*Directions for this task:*
These records contain pictures, which must be left out; copy exactly the lines from the one with "Incredibly gentle, Mama" up to and including the one with "Diese Webcam zeigt".

*Extracted material:*
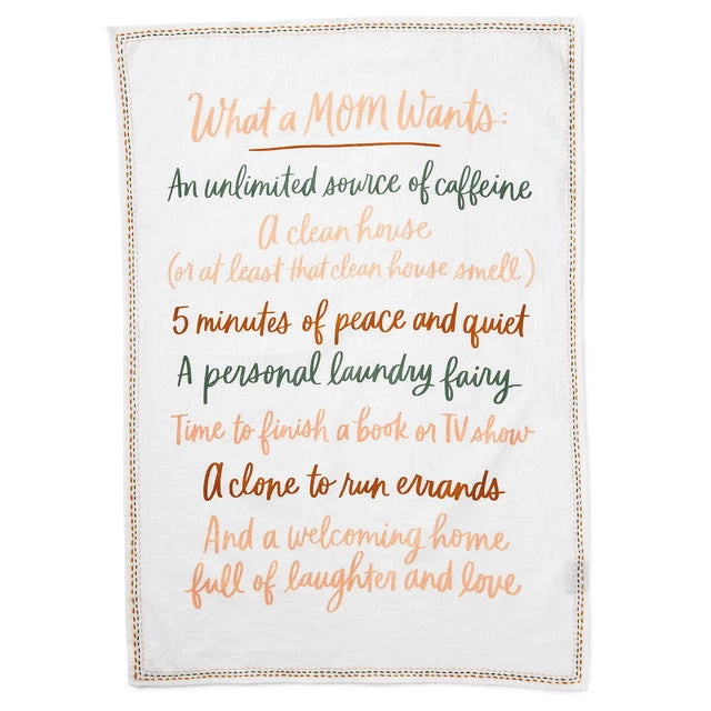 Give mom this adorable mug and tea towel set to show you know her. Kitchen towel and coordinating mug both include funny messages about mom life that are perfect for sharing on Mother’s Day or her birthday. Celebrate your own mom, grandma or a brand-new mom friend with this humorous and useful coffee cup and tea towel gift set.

==

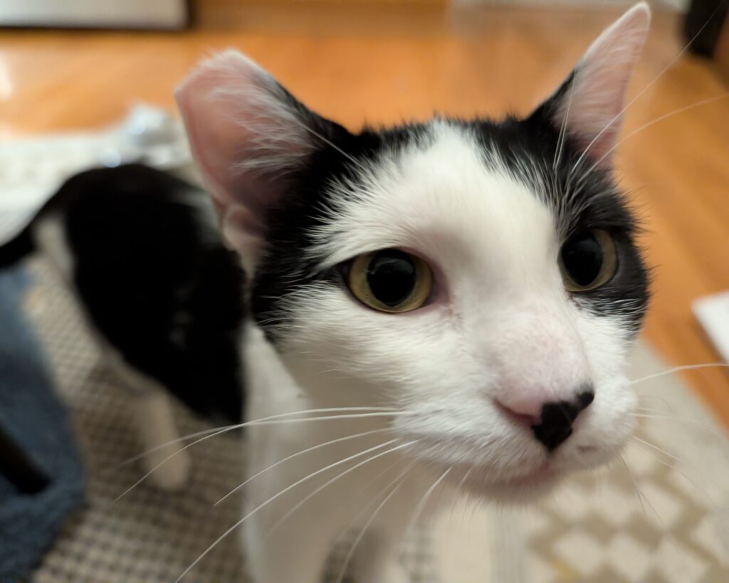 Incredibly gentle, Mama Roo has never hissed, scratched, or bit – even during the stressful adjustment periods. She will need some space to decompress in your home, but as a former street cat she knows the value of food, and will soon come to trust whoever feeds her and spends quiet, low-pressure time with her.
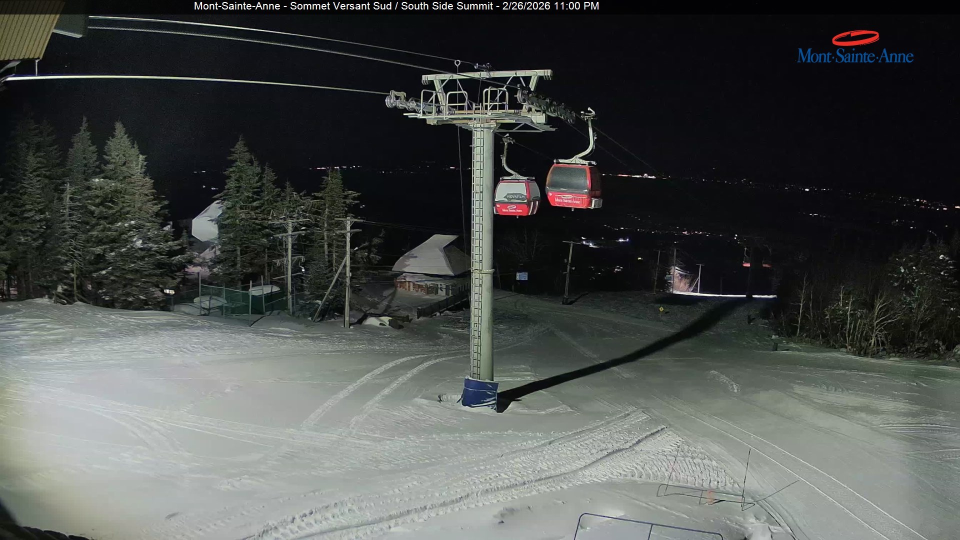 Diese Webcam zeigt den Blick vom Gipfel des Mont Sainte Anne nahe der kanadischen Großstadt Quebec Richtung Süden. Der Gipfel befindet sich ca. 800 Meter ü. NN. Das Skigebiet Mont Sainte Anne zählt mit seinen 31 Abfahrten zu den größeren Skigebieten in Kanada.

*Worked solution:*
 Incredibly gentle, Mama Roo has never hissed, scratched, or bit – even during the stressful adjustment periods. She will need some space to decompress in your home, but as a former street cat she knows the value of food, and will soon come to trust whoever feeds her and spends quiet, low-pressure time with her.
 Diese Webcam zeigt den Blick vom Gipfel des Mont Sainte Anne nahe der kanadischen Großstadt Quebec Richtung Süden. Der Gipfel befindet sich ca. 800 Meter ü. NN. Das Skigebiet Mont Sainte Anne zählt mit seinen 31 Abfahrten zu den größeren Skigebieten in Kanada.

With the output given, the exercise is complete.